— What you have to do —
An exact transcription is needed of the lines below from the one with "这说明品牌主在电竞营销的公关" through the one with "近日,全国大学生数学建模竞赛", with no other lines and no pictures.

— Extracted records —
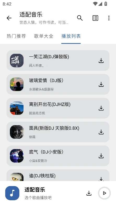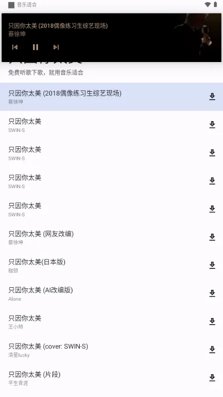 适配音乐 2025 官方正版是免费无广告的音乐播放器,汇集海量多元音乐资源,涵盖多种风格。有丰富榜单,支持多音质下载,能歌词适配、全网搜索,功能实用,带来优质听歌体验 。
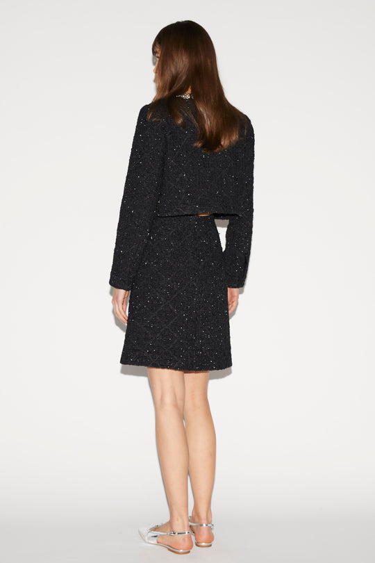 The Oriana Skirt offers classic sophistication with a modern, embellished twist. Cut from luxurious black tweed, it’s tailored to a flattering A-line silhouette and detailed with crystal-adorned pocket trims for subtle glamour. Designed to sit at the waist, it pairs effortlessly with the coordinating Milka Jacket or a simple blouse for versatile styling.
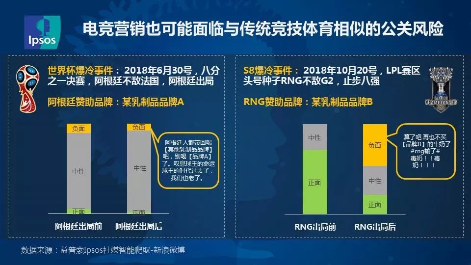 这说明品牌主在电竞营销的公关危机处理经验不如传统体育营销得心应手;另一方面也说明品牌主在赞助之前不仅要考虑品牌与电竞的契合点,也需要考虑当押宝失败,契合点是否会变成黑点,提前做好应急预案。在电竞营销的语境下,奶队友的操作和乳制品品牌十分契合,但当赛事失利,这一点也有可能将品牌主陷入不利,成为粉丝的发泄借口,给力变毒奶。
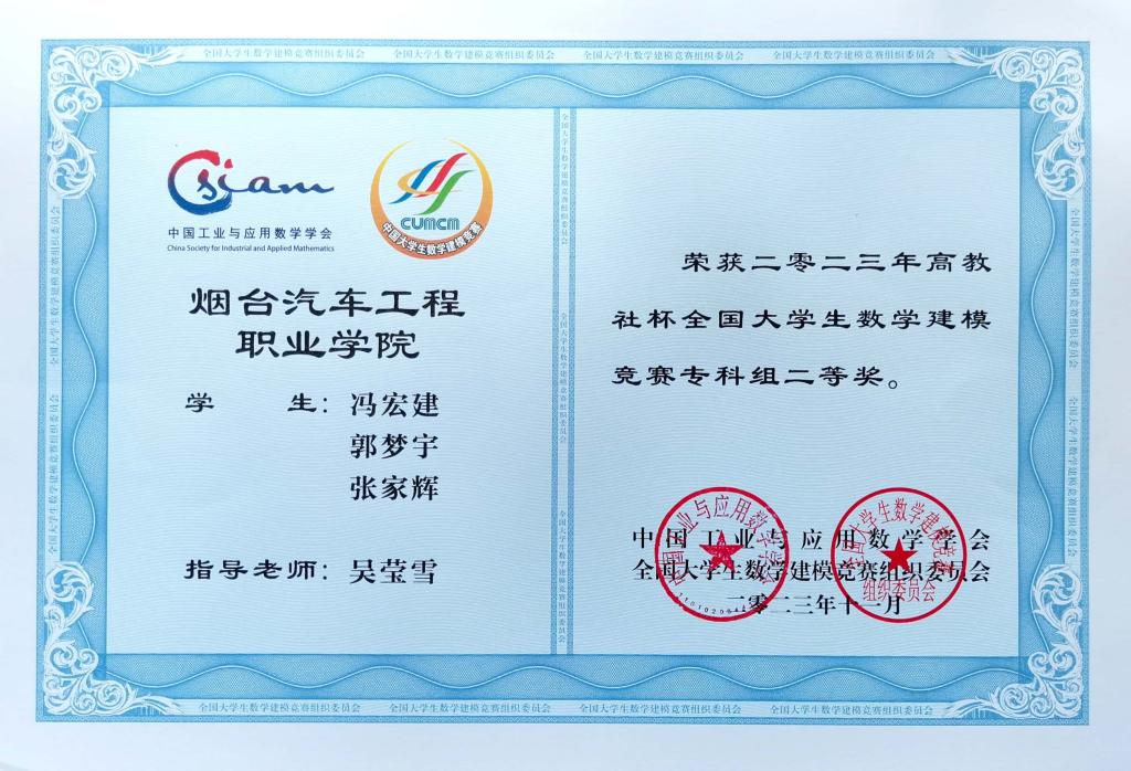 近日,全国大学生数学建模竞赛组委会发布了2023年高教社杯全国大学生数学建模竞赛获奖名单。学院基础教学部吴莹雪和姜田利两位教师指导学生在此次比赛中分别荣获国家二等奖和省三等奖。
* * *
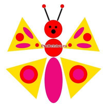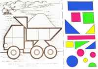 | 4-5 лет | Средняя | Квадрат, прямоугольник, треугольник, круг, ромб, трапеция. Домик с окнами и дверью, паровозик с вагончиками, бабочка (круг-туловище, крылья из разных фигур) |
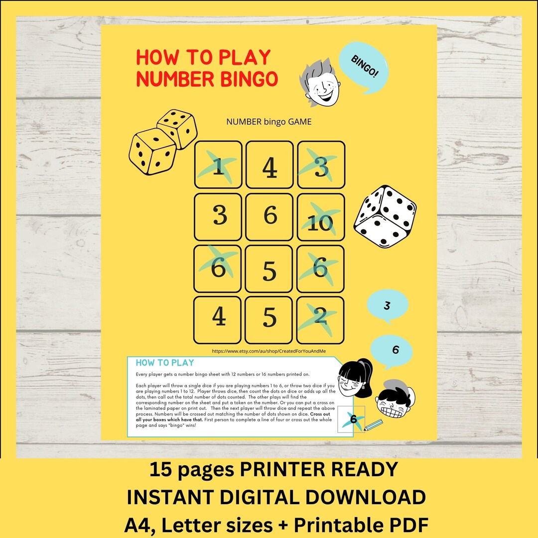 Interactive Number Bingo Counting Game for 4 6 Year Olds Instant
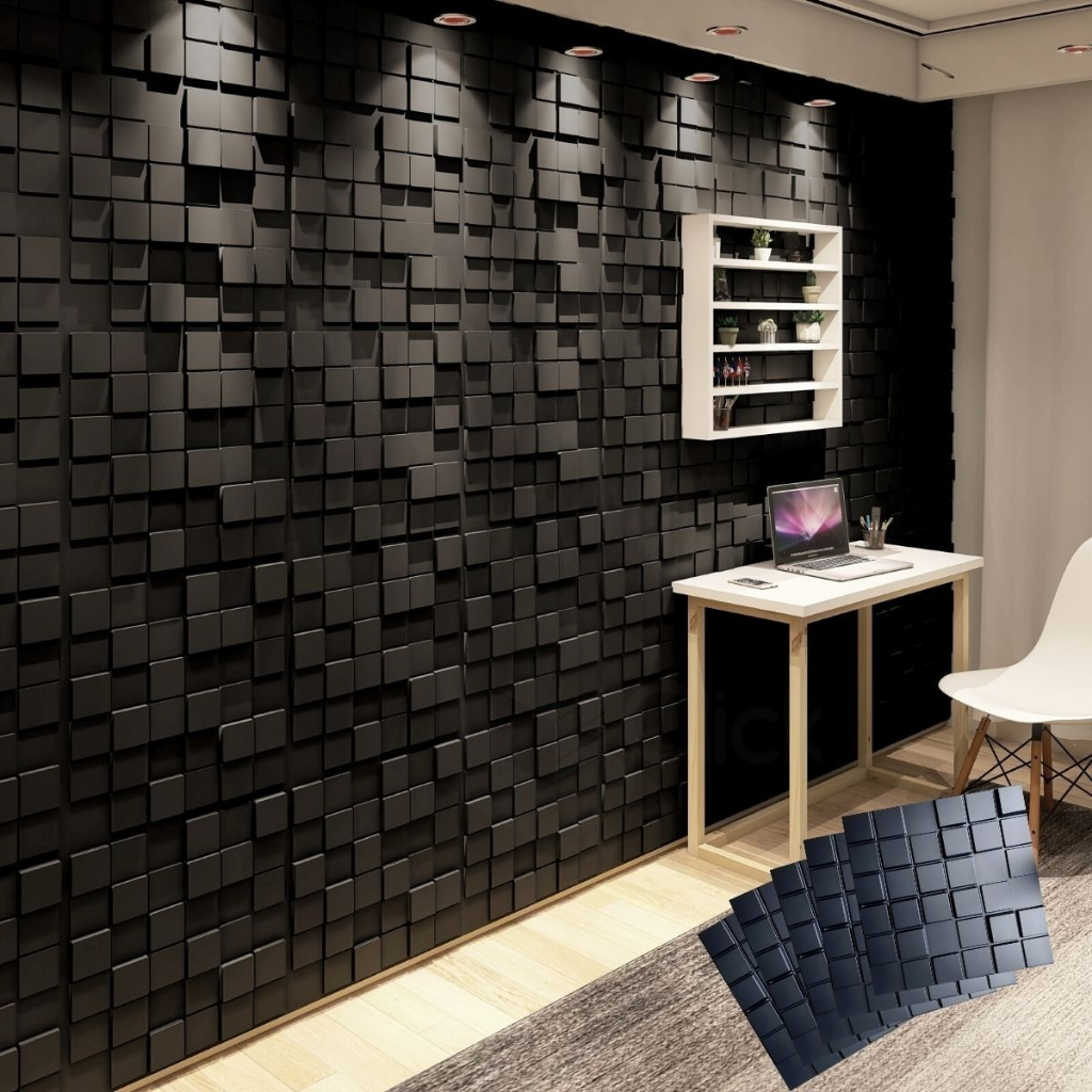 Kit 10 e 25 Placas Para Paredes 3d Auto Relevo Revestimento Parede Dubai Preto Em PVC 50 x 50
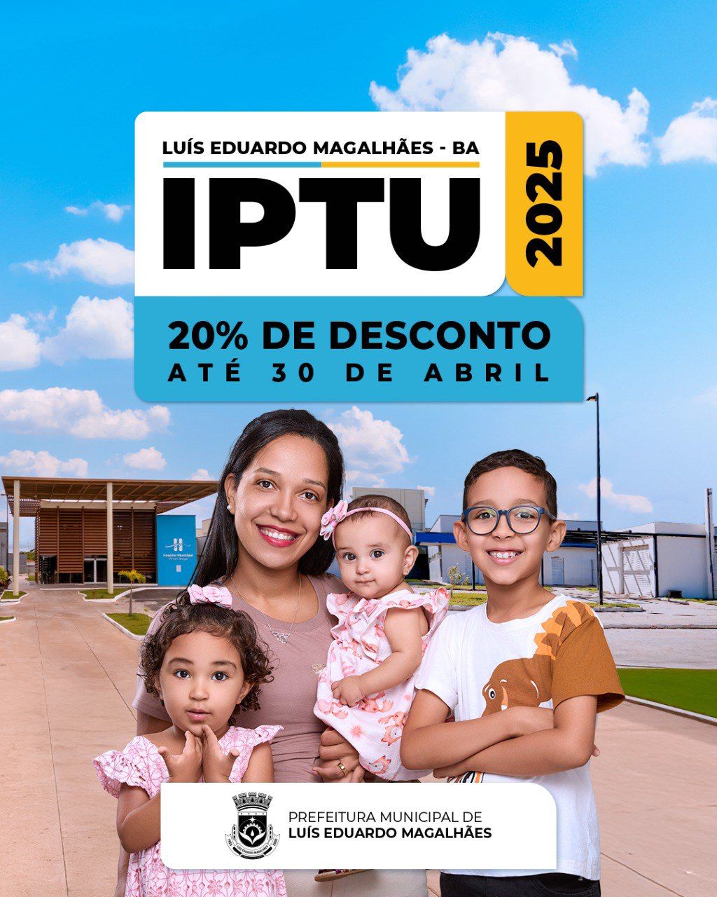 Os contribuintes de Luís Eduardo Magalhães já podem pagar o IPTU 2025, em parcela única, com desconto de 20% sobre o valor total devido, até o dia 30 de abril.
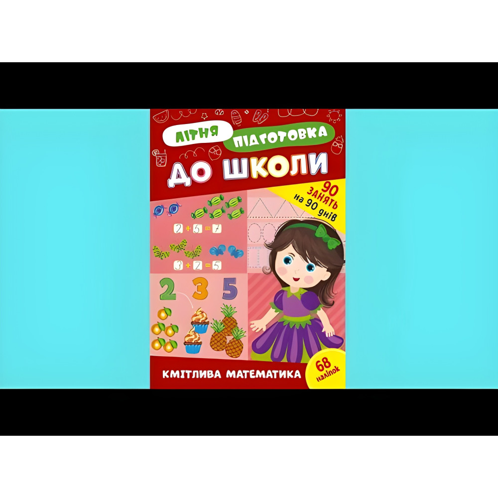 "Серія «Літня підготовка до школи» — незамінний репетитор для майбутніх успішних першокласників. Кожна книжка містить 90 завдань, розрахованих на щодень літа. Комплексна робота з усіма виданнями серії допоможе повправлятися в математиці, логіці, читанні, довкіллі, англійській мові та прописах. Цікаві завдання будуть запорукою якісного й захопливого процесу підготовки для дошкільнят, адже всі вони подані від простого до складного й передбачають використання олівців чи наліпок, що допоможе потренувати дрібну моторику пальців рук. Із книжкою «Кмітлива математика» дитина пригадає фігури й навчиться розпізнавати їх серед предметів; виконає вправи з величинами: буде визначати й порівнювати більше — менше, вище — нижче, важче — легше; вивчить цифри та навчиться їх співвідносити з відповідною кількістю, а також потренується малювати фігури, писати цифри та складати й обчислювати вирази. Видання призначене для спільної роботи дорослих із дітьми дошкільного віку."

— Output of the task —
 这说明品牌主在电竞营销的公关危机处理经验不如传统体育营销得心应手;另一方面也说明品牌主在赞助之前不仅要考虑品牌与电竞的契合点,也需要考虑当押宝失败,契合点是否会变成黑点,提前做好应急预案。在电竞营销的语境下,奶队友的操作和乳制品品牌十分契合,但当赛事失利,这一点也有可能将品牌主陷入不利,成为粉丝的发泄借口,给力变毒奶。
 近日,全国大学生数学建模竞赛组委会发布了2023年高教社杯全国大学生数学建模竞赛获奖名单。学院基础教学部吴莹雪和姜田利两位教师指导学生在此次比赛中分别荣获国家二等奖和省三等奖。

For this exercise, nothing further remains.